As we have concluded, evidence of the prior occurrence gave rise to the possibility that the incident in question was foreseeable. Cock Robin's failure to erect barricades could have been found to have created a dangerous condition to patrons who would sit at the picnic tables. Consequently, a factual question is presented about which reasonable persons might differ as to whether the condition of Cock Robin's property was a proximate cause of the injuries. The appellate court did not err in reversing the judgment in favor of Cock Robin and remanding the matter for a new trial.
Plaintiffs' sole contention questions the propriety of the directed verdict against Cholewa as to liability. The bare claim is made that they were prejudiced by entry of the directed verdict because the effect of the trial court's action was for all practical purposes a direction of verdict in favor of the other defendants. The complaint alleged that Cholewa was liable because he negligently operated his motor vehicle. The directed verdict against Cholewa upheld the allegation which plaintiffs sought to establish. There is no issue advanced by plaintiffs that any relevant evidence against Zawacki was excluded. We have examined the record and find that the jury's determination in favor of Zawacki was not erroneous. Since plaintiffs have been granted a new trial as to Cock Robin no claim of prejudice may be sustained.
Accordingly, the judgment of the appellate court is affirmed.

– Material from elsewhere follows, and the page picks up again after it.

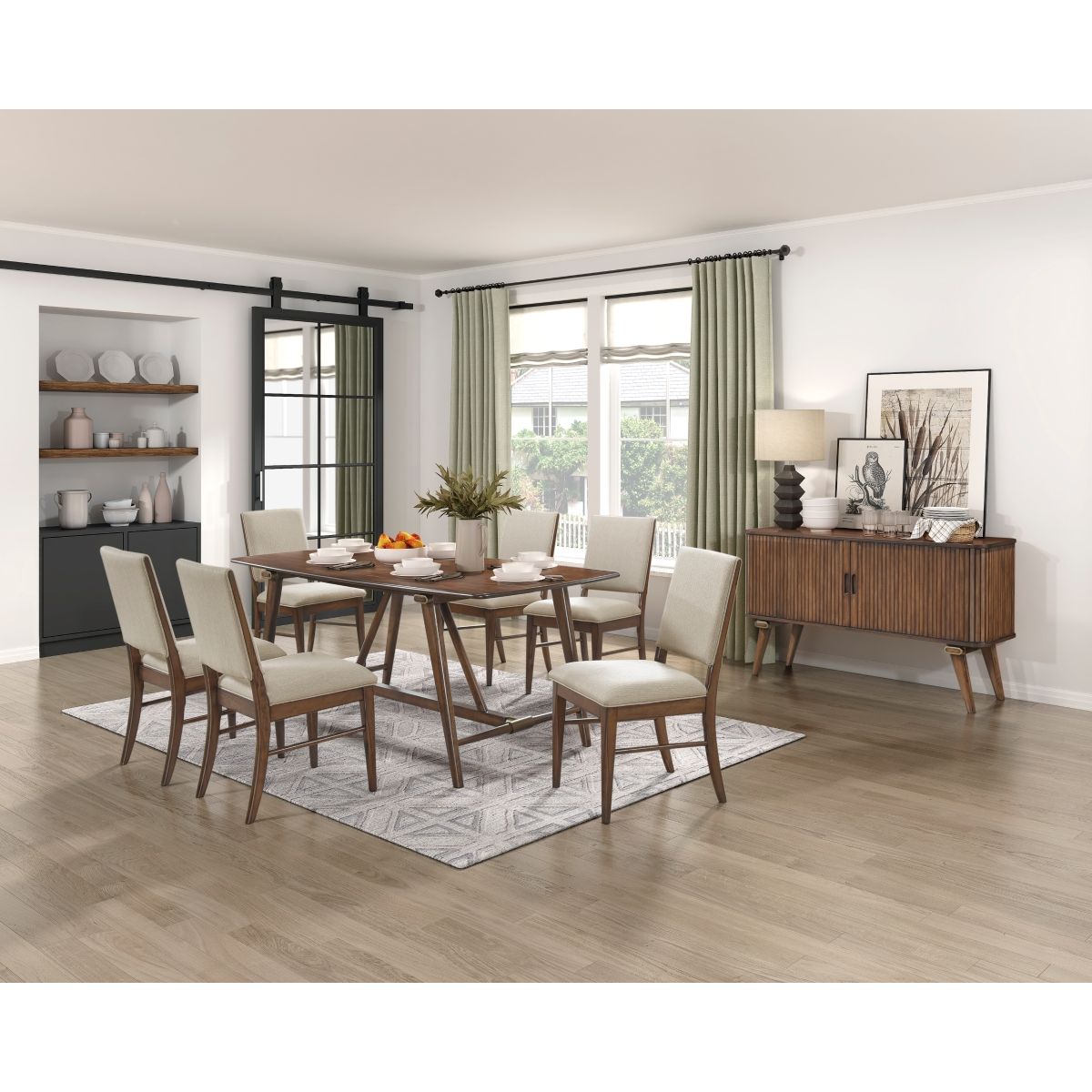With a design that spans transitional, Mid-Century, and modern aesthetics, the Monroe Collection is in a class all by itself. Walnut veneer is accentuated with walnut finish for a classic hue to complement your casual dining room. Tamboured doors encircle the buffet server, their wrap-around design opening to reveal drawers and compartment storage allowing for convenient access to your tabletop dcor and tableware.

MR. JUSTICE GOLDENHERSH, dissenting in part:
For the reasons so well stated by Mr. Justice Dixon in his dissenting opinion (10 Ill. App.3d 276, at 287-8) I dissent from those portions of the opinion which approve the direction of the verdict against the defendant Cholewa, and deny a new trial as to the defendant Zawacki. There is, of course, no authority for permitting the attorney for defendant Cock Robin, Inc., to force a directed verdict on the plaintiffs and I agree with Mr. Justice Dixon that a party "ought to be allowed to try his own case."